Extended and webtype ACLs now support IPv4 and IPv6 addresses. You can even specify a mix of IPv4 and IPv6 addresses for the source and destination. The any keyword was changed to represent IPv4 and IPv6 traffic. The any4 and any6 keywords were added to represent IPv4-only and IPv6-only traffic, respectively. The IPv6-specific ACLs are deprecated. Existing IPv6 ACLs are migrated to extended ACLs. See the release notes for more information about migration.

We modified the following commands: access-list extended , access-list webtype .

We removed the following commands: ipv6 access-list, ipv6 access-list webtype, ipv6-vpn-filter.

Extended ACL and object enhancement to filter ICMP traffic by ICMP code

9.0(1)

ICMP traffic can now be permitted/denied based on ICMP code.

We introduced or modified the following commands: access-list extended , service-object, service.

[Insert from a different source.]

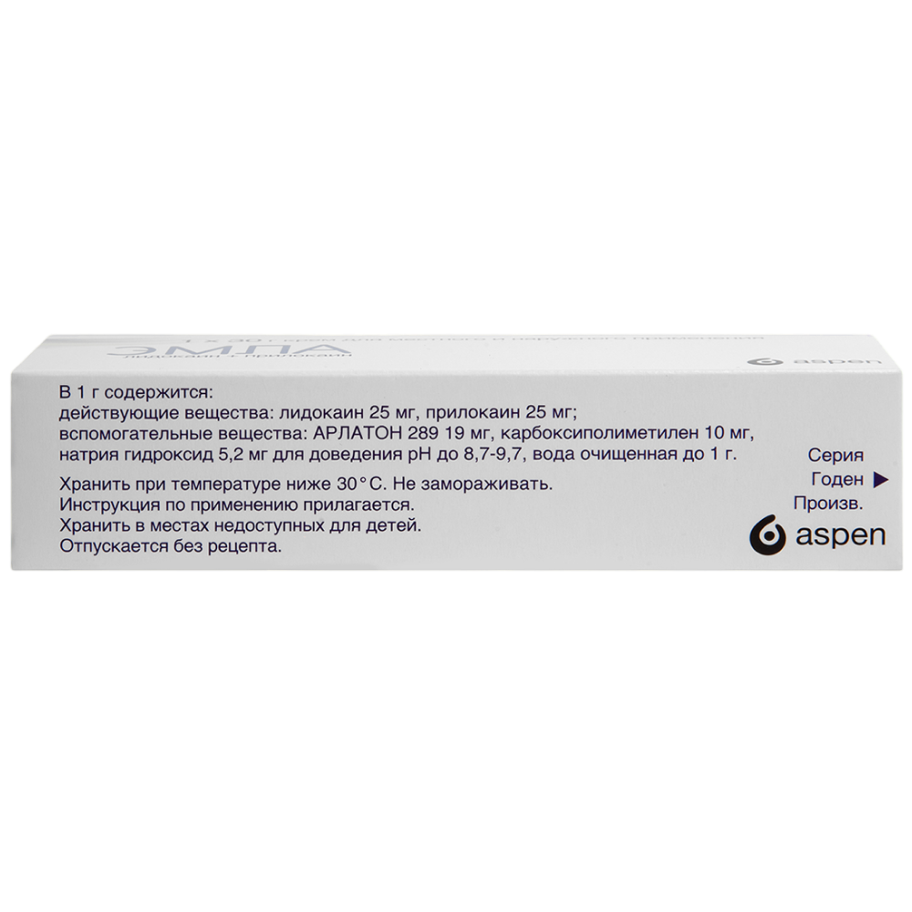 Активные вещества: лидокаин 25 мг, прилокаин 25 мг.

Configuration session for editing ACLs and objects.

Forward referencing of objects and ACLs in access rules.

9.3(2)

You can now edit ACLs and objects in an isolated configuration session. You can also forward reference objects and ACLs, that is, configure rules and access groups for objects or ACLs that do not yet exist.

We introduced the clear configuration session, clear session, configure session, forward-reference, and show configuration session commands.

ACL support for Stream Control Transmission Protocol (SCTP)

9.5(2)

You can now create ACL rules using the sctp protocol, including port specifications.

We modified the following command: access-list extended .

Ethertype rule support for the IEEE 802.2 Logical Link Control packet's Destination Service Access Point address.

9.6(2)

You can now write Ethertype access control rules for the IEEE 802.2 Logical Link Control packet's Destination Service Access Point address. Because of this addition, the bpdu keyword no longer matches the intended traffic. Rewrite bpdu rules for dsap 0x42 .

We modified the following commands: access-list ethertype

Support in routed mode for Ethertype rules on bridge group member interfaces and extended access rules on Bridge Group Virtual Interfaces (BVI).

9.7(1)

You can now create Ethertype ACLs and apply them to bridge group member interfaces in routed mode. You can also apply extended access rules to the Bridge Virtual Interface (BVI) in addition to the member interfaces.

We modified the following commands: access-group , access-list ethertype .

EtherType access control list changes.

9.9(1)

EtherType access control lists now support Ethernet II IPX (EII IPX). In addition, new keywords are added to the DSAP keyword to support common DSAP values: BPDU (0x42), IPX (0xE0), Raw IPX (0xFF), and ISIS (0xFE). Consequently, existing EtherType access control entries that use the BPDU or ISIS keywords will be converted automatically to use the DSAP specification, and rules for IPX will be converted to 3 rules (DSAP IPX, DSAP Raw IPX, and EII IPX). In addition, packet capture that uses IPX as an EtherType value has been deprecated, because IPX corresponds to 3 separate EtherTypes.

We modified the following commands: access-list ethertype added the new keywords eii-ipx and dsap {bpdu | ipx | isis | raw-ipx} ; capture ethernet-type no longer supports the ipx keyword.